The Forgotten Children by Ann Bennett #NewRelease #HistFic #TuesdayBookBlog

Paris, 1941. As we drive down the cobbled street, I take in the red banners with swastikas covering every building. Suddenly a group of guards appears. I duck beneath the window of the car, and my heart thumps as my hand jumps to my chest. But I’m not wearing my yellow star now, I left it with my sister. Tears well in my eyes. Will I ever see her again?

1939. Standing in front of the orphanage’s imposing stone walls, eleven-year-old Jewish twins Helga and Ruth shiver with fear. The war has taken their mother and father, their home in Berlin has been turned to rubble, but their soft, dark eyes meet and Helga gives Ruth a reassuring smile. They should be safe here together.

Yet every day bombs fly overhead. And when Ruth becomes desperately unwell, the girls are torn apart. As war rages on, will they ever find each other?

Paris, 1990. When Naomi moves to Paris, she hopes the city will help her find herself again. But whilst exploring the antique markets in the early morning sun, she is shocked to discover a duplicate of a photograph her mother Helga has on her mantelpiece back in London of a magnificent vine-covered villa on the outskirts of the city. Naomi soon discovers it was used as an orphanage during the Second World War. But why was the photo so precious to her mother?

My Review

The Forgotten Children were those from Jewish families who were separated from their parents by the Nazis during the Second World War. Helga was one of those children. Now in 1990 she is still keeping her experiences secret from her daughter Naomi.

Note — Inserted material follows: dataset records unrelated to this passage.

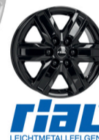
RIAL Transporter 6 Størrelse: 17" Finish: Polar Silver, Diamond Black Note: 6-huls. Specielt til varevogn og camper. 5 års overfladeganti
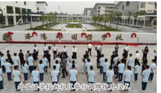
外国语学校新校区举行揭牌投用仪式
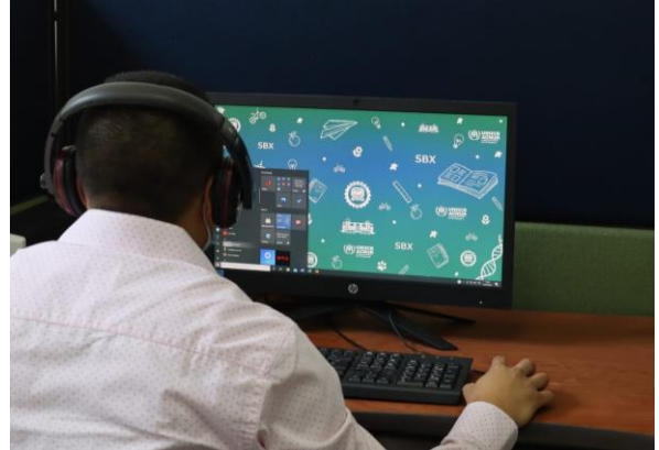
Uso del laboratorio de computación recién establecido en Quetzaltenango.

As her daughter sets off for 6 months work in a Paris legal office Helga says nothing of the time when she too lived in the French capital. In dual time we follow Naomi’s experiences making new friends and working hard at a task which she loves, and then life for Helga and her twin sister Ruth in 1938. Living with their parents they have a happy life in Berlin unaware of the dark forces about to change everything.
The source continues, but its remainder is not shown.